Start of Exercise material

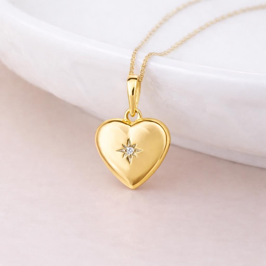 Låt kärleken lysa starkt med vårt himmelskt inspirerade medaljong med guldstjärna – ett polerat minnesmärke tillverkat av massivt sterlingsilver och lyxigt pläterat i 18 karat gult guld. En strålande Nordstjärna infattad med en glittrande kubisk zirkonia pryder framsidan, medan baksidan erbjuder plats för ett personligt graverat meddelande och insidan rymmer två älskade foton.
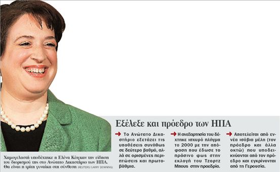 ΟΥΑΣΙΓΚΤΟΝ Την επιφανή νομικό Ελένα Κέιγκαν επέλεξε χθες ο αμερικανός πρόεδρος Μπαράκ Ομπάμα για την κενή θέση στο Ανώτατο Δικαστήριο των Ηνωμένων Πολιτειών τονίζοντας ότι πρόκειται για ένα από τα πιο λαμπρά νομικά μυαλά της χώρας. Μιλώντας στον Λευκό Οίκο και έχοντας την κυρία Κέιγκαν στο πλευρό του, ο πρόεδρος εξήρε την ευρύτητα του πνεύματός της και την ορθή της κρίση σε μια μεγάλη γκάμα νομικών θεμάτων. Η κυρία Κέιγκαν είχε διοριστεί τον Μάρτιο του 2009 από τον κ. Ομπάμα στο αξίωμα του Γενικού Εισαγγελέα (Solicitor General), θέση από την οποία εκπροσωπεί σήμερα την αμερικανική κυβέρνηση ενώπιον του Ανωτάτου Δικαστηρίου.
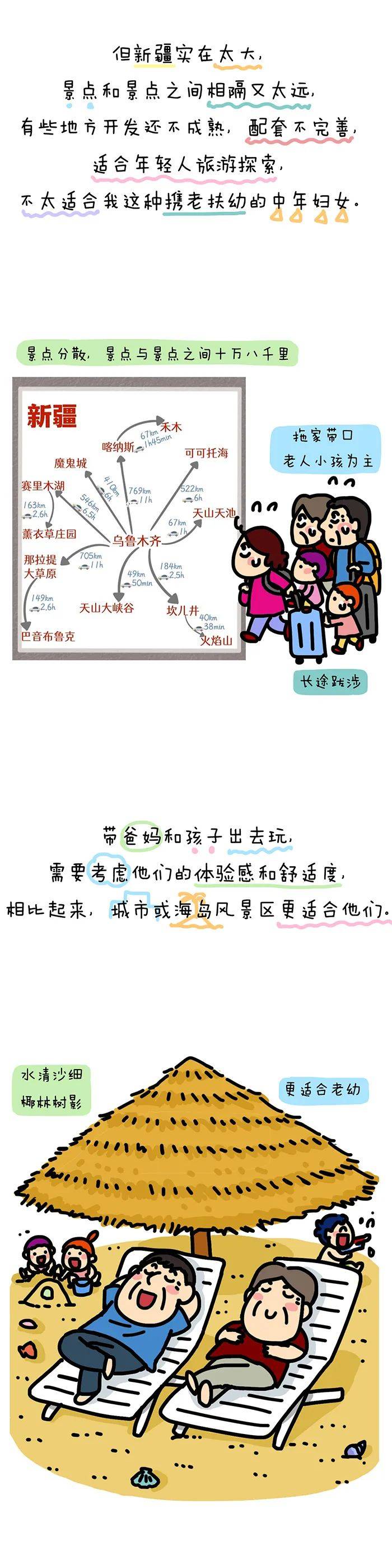 有一说一,拖儿带女携老,新疆还是不太适合的。
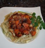 Penne mit Auberginen Zutaten 2 Auberginen (500 g) 1/2 l Olivenöl 350 g Penne Salz 1,25 kg Fleischtomaten 2 Knoblauchzehen Pfeffer 1 Prise Zucker 150 g Mozzarella 1 Bund Basilikum guk:similarity-keywords=""> 2 Auberginen (500 g) , 1/2 l Olivenöl , 350 g [...]
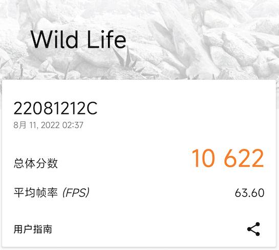在3D Mark Wild Life測試中,分?jǐn)?shù)為10622分。
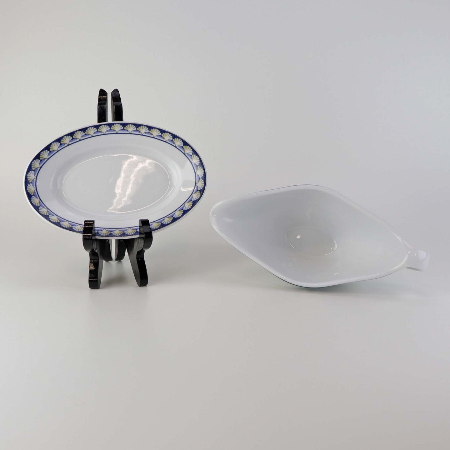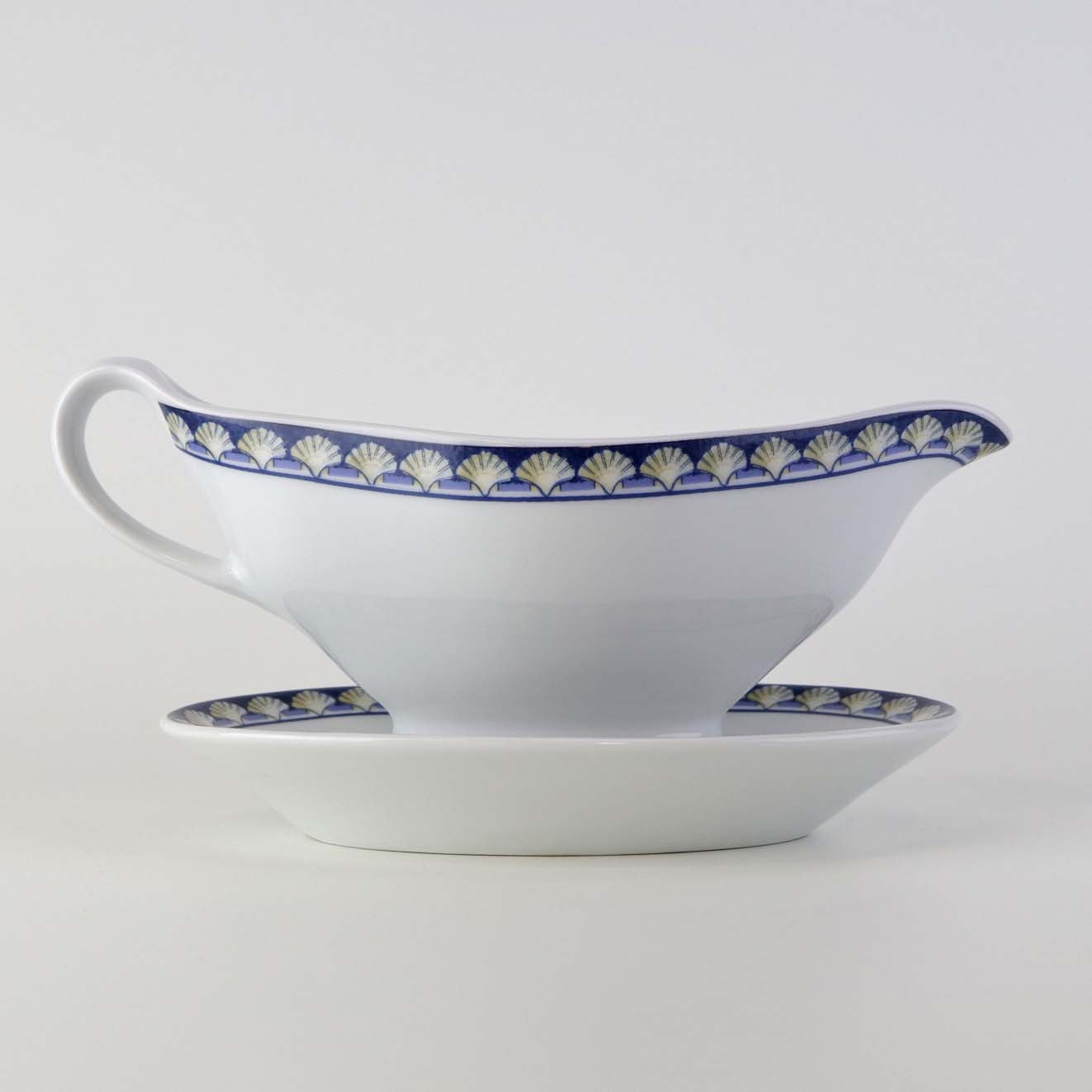 Saucekande med tilhørende underskål i porcelæn fra stellet Maeva. Nr. U11 og V4
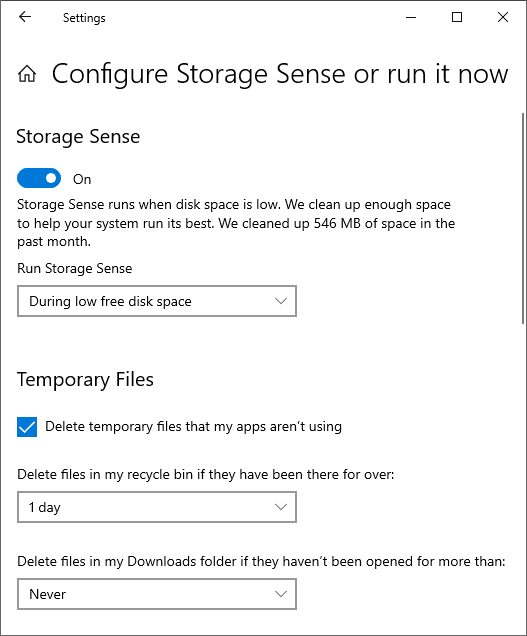 - Turn on Storage Sense to automatically delete unnecessary files such as temporary items and Recycle Bin contents. When disk space is low, you can also configure settings such as running Storage Sense, and removing files older than 60 days from the Downloads folder. If you’re using the Proton Drive desktop app, you can also set unopened files to become online-only, which moves them to the cloud and frees up local space.
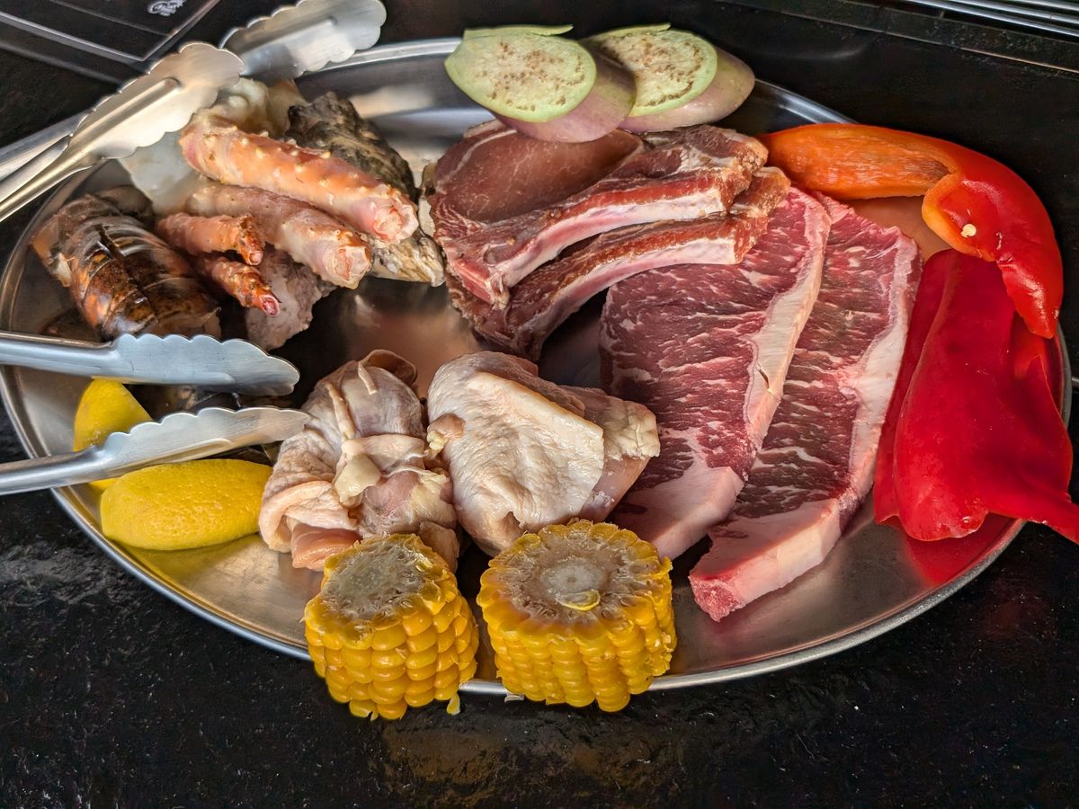 でした、ボリューム満点で2人で食べきれない量でした、サラダバー、ご飯に味噌汁、フルーツもありました、ビールはピッチャーで、スタッフさんがすぐに入れに来てくれます、余り冷えてなくて…アイスティーはかなり甘いので気を付けて下さい、とにかくバーベキューなので暑いです!煙も凄いです!服装にはご注意を!
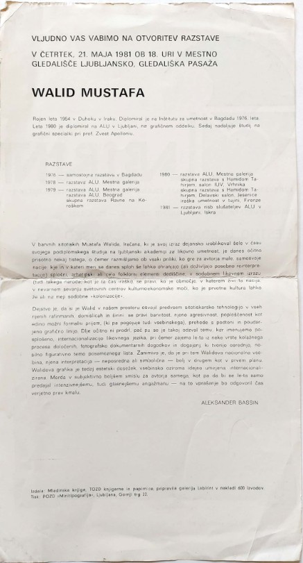 Letak za izložbu grafika Walida Mustafa, Ljubljana prodajna Galerija mladinske knjige, Trg revolucije 2.

End of Exercise material

◆ Exercise details:
The preceding entries are to be returned verbatim, with every picture excluded.

◆ Answer to this problem:
 Låt kärleken lysa starkt med vårt himmelskt inspirerade medaljong med guldstjärna – ett polerat minnesmärke tillverkat av massivt sterlingsilver och lyxigt pläterat i 18 karat gult guld. En strålande Nordstjärna infattad med en glittrande kubisk zirkonia pryder framsidan, medan baksidan erbjuder plats för ett personligt graverat meddelande och insidan rymmer två älskade foton.
 ΟΥΑΣΙΓΚΤΟΝ Την επιφανή νομικό Ελένα Κέιγκαν επέλεξε χθες ο αμερικανός πρόεδρος Μπαράκ Ομπάμα για την κενή θέση στο Ανώτατο Δικαστήριο των Ηνωμένων Πολιτειών τονίζοντας ότι πρόκειται για ένα από τα πιο λαμπρά νομικά μυαλά της χώρας. Μιλώντας στον Λευκό Οίκο και έχοντας την κυρία Κέιγκαν στο πλευρό του, ο πρόεδρος εξήρε την ευρύτητα του πνεύματός της και την ορθή της κρίση σε μια μεγάλη γκάμα νομικών θεμάτων. Η κυρία Κέιγκαν είχε διοριστεί τον Μάρτιο του 2009 από τον κ. Ομπάμα στο αξίωμα του Γενικού Εισαγγελέα (Solicitor General), θέση από την οποία εκπροσωπεί σήμερα την αμερικανική κυβέρνηση ενώπιον του Ανωτάτου Δικαστηρίου.
 有一说一,拖儿带女携老,新疆还是不太适合的。
 Penne mit Auberginen Zutaten 2 Auberginen (500 g) 1/2 l Olivenöl 350 g Penne Salz 1,25 kg Fleischtomaten 2 Knoblauchzehen Pfeffer 1 Prise Zucker 150 g Mozzarella 1 Bund Basilikum guk:similarity-keywords=""> 2 Auberginen (500 g) , 1/2 l Olivenöl , 350 g [...]
在3D Mark Wild Life測試中,分?jǐn)?shù)為10622分。
 Saucekande med tilhørende underskål i porcelæn fra stellet Maeva. Nr. U11 og V4
 - Turn on Storage Sense to automatically delete unnecessary files such as temporary items and Recycle Bin contents. When disk space is low, you can also configure settings such as running Storage Sense, and removing files older than 60 days from the Downloads folder. If you’re using the Proton Drive desktop app, you can also set unopened files to become online-only, which moves them to the cloud and frees up local space.
 でした、ボリューム満点で2人で食べきれない量でした、サラダバー、ご飯に味噌汁、フルーツもありました、ビールはピッチャーで、スタッフさんがすぐに入れに来てくれます、余り冷えてなくて…アイスティーはかなり甘いので気を付けて下さい、とにかくバーベキューなので暑いです!煙も凄いです!服装にはご注意を!
 Letak za izložbu grafika Walida Mustafa, Ljubljana prodajna Galerija mladinske knjige, Trg revolucije 2.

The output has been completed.